If time is an issue, then I'd go with the Goju classes.  I guess it really depends on what you want to do and what you want to get out of your training.  If you're looking for something specific, and the JKD is the art that has it, then in the long run, it'd be worth the drive. 

I'd check out both places.  Take a class and see how you like each one.

Good luck in your search! 

Mike


----------



## FunkyDemon (Oct 30, 2006)

I would have to recommend the Karate.  Not because it is better but because of the closeness.  I had a similiar situation.  The class that was an hour away was the best class that I have ever been to, but I only went for a month because I couldn't handle the commute.   A two hour commute for a 1-2 hour class just doesn't make sense.  

You may have the will to keep going, but it is difficult when there is a perfectly acceptable school closer.  When I started looking for a school a few weeks back I set a radius around my house.  Anything outside it wasn't even considered no matter how good it was.

Thanks,
J


----------



## Jade Tigress (Oct 30, 2006)

MJS said:


> If time is an issue, then I'd go with the Goju classes.  I guess it really depends on what you want to do and what you want to get out of your training.  If you're looking for something specific, and the JKD is the art that has it, then in the long run, it'd be worth the drive.
> 
> I'd check out both places.  Take a class and see how you like each one.
> 
> ...




Ditto this. 
Be sure to let us know what you decide and keep us posted on your training. :asian:


----------



## bushidomartialarts (Oct 30, 2006)

the long commute will be a problem.  it's easier to blow off practice if you have that one more excuse.

also, i agree with hand sword.  jkd is a great art, but sometimes it falls under the heading of 'you have to know the rules before you can break the rules'.  jkd is an awesome second art to study.

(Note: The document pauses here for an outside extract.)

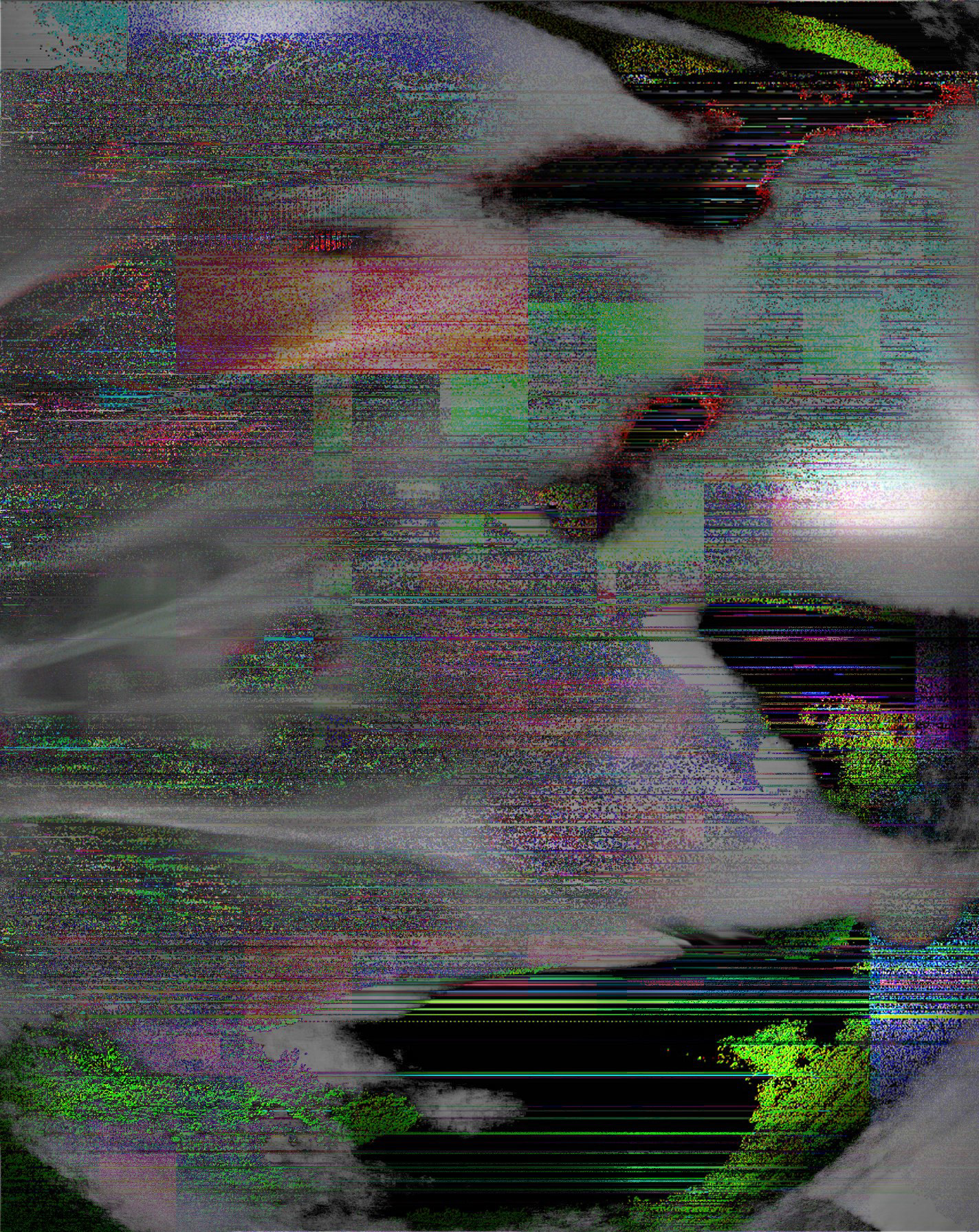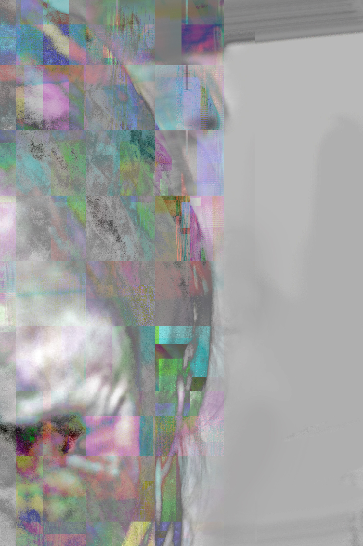 Cette série de remixes d’autoportraits, réalisée lors de mes premières expérimentations avec le glitch en 2015, traite l’erreur à la fois comme matériau et comme méthode d’auto-perception : faire surgir, au cœur de l’algorithme, l’imprévu d’un soi multiple et désintégré.

i never say 'if i were you'.  but if i were me in your situation, i'd do the karate school.


----------



## drummingman (Oct 31, 2006)

well i went and checked the goju school tonight.i think im sold.the teacher was a great guy and i ended up talking with him for about 2 hours.
i plan on signing up sometime in november!


----------



## MJS (Oct 31, 2006)

drummingman said:


> well i went and checked the goju school tonight.i think im sold.the teacher was a great guy and i ended up talking with him for about 2 hours.
> i plan on signing up sometime in november!


 
Congrats on finding a new place to train!!  

Mike


----------



## cfr (Nov 1, 2006)

Id say try each one out before making a commitment. If a school isnt right for you, it doesnt matter how close it is. Of course on the flip side, if it's too far away, it probably wouldn't matter how much you liked it. You may also want to search out alternatives to what you find in the phone book. I currently train in two garages, with instructors that have both been in MA's for a long time, but dont want to instruct on a full time basis. Neither of them does any sort of advertising, and it was purely by persistance that I found them both online, on forums just like this.


----------



## SFC JeffJ (Nov 1, 2006)

drummingman said:


> well i went and checked the goju school tonight.i think im sold.the teacher was a great guy and i ended up talking with him for about 2 hours.
> i plan on signing up sometime in november!


Good luck with the Goju Ryu!  Get ready for lots n lots of Uke Waza and Tensho!

Jeff


----------



## drummingman (Nov 2, 2006)

thanks all!


----------